JunoCam at PJ45: Europa

JunoCam at PJ45: What the images show.   Part I: Europa

John Rogers (BAA) (2022 Oct.9)

 

Juno’s perijove-45 (PJ45) occurred on 2022 Sep.29.  Seven-and-a-half hours before the perijove, the spacecraft had its first close encounter with Europa, flying just 352 km above the moon’s icy surface.  As it receded, JunoCam was able to get four images, showing a side of the moon that was poorly covered by Voyager and Galileo imagery.

Our report is here as a PDF with small figures:  PJ45-Report-1_Europa 

The full-size figures are in this ZIP file:    PJ45-Report-1_Europa_Figures

Here is a miniature of Figure 4, then the rest of the text of the report: 

In addition, Juno’s Stellar Reference Unit – a very sensitive camera used for star tracking, but also capable of detecting faint features like Jupiter’s ring and jovian lightning – took a hi-res image of Europa’s dark side illuminated by jove-shine, spanning ~150×200 km (Fig. 1).

Small copies of the four JunoCam images are shown in Figure 2.  Figure 3 is a part of image 1, processed by Brian Swift, showing nice examples of a chaos area (brown, but not sunken) and a large pit.

The four images were projected into cylindrical maps by Gerald Eichstädt, and Figure 4 is a reduced-resolution composite of them, with some features labelled. (Gerald’s original maps, as well as a larger-scale, unlabelled version of this one, are on the JunoCam web site in the ‘Think Tank’ pages.)

Impact features are rare: this map shows one large one (Callanish, which was viewed at high resolution by the Galileo orbiter), and possibly a small one (Midir, not yet viewed at hi-res).  The general texture of ridges and bands and chaos regions is ubiquitous on Europa, but much of this area has not previously been imaged so well. There are swathes of cycloidal bands, dark in the northern and southern latitudes, and bright in low latitudes, where they have a different orientation.

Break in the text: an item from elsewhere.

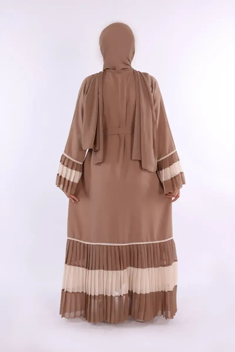 Двухцветная плиссированная абайя с поясом на талии и отделкой рукавов и подола 7454 Vizon, элегантная и стильная, станет идеальным выбором для завершения вашего стиля как для особых случаев, так и для повседневной жизни. Эта абайя, сочетающая в себе благородство цвета визон с его изысканностью, обеспечивает комфорт в носке благодаря качественной структуре ткани.

White arrows indicate features that Paul Schenk and colleagues have argued may be signs of global stresses due to polar wander (global rotation of the crust) as shown in Figure 5 [adapted from Schenk’s ‘Atlas of the Galilean Satellites’; see figure for references].

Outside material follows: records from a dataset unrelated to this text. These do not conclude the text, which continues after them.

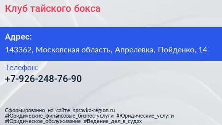 Клуб тайского бокса по адресу 143362, Московская область, Апрелевка, Пойденко, 14 в дальнейшем Организация, размещена в следующих категориях:
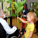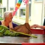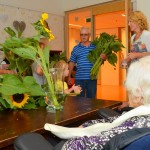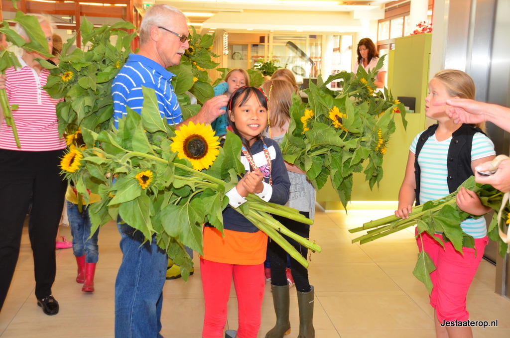 Bewoners van zorginstelling het Zonnehuis in Stadshagen zijn donderdagochtend overladen met zonnebloemen. Zo’n 25 kinderen kwamen met bossen zonnebloemen het Zonnehuis in en zetten zo de bewoners in het zonnetje.
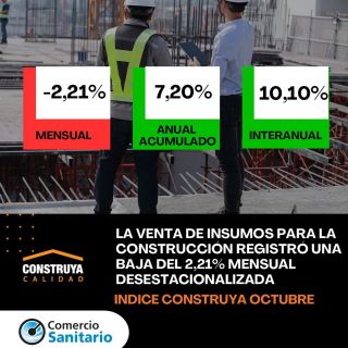 En octubre el Índice Construya (IC), que mide la evolución de los volúmenes vendidos al sector privado de los productos para la construcción que fabrican las empresas que lo conforman, registró una baja del 2,21% mensual desestacionalizada, manteniéndose en la comparación interanual 10,1% arriba. De esta forma, el acumulado de enero-octubre de 2025 cerró 7,2% por encima del mismo período del año anterior.

There are four parallel long troughs (plus a near-parallel line of depressions between two of them). Two of these were proposed by Schenk as arcuate troughs concentric to the disrupted region centred at 300°W, 10°N, due to stresses of polar wander, and the pattern is seen here to be continued further.

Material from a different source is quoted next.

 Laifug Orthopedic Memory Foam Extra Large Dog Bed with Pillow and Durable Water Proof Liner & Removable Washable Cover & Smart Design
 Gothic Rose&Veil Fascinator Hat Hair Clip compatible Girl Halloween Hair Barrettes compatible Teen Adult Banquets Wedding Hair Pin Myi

Corick Linea, a sinuous bright band, was proposed by Richard Greenberg as an antipodal twin of the great Agenor Linea, which is thought to be a convergence zone.  This image shows a previously unstudied extension of it; but it is much narrower than Agenor, and trends north of the disrupted region rather than towards it, so its relevance is not so clear. Corick Linea runs across the chaos region in Figure 3, but in a somewhat disrupted manner, so the chaos may actually be younger.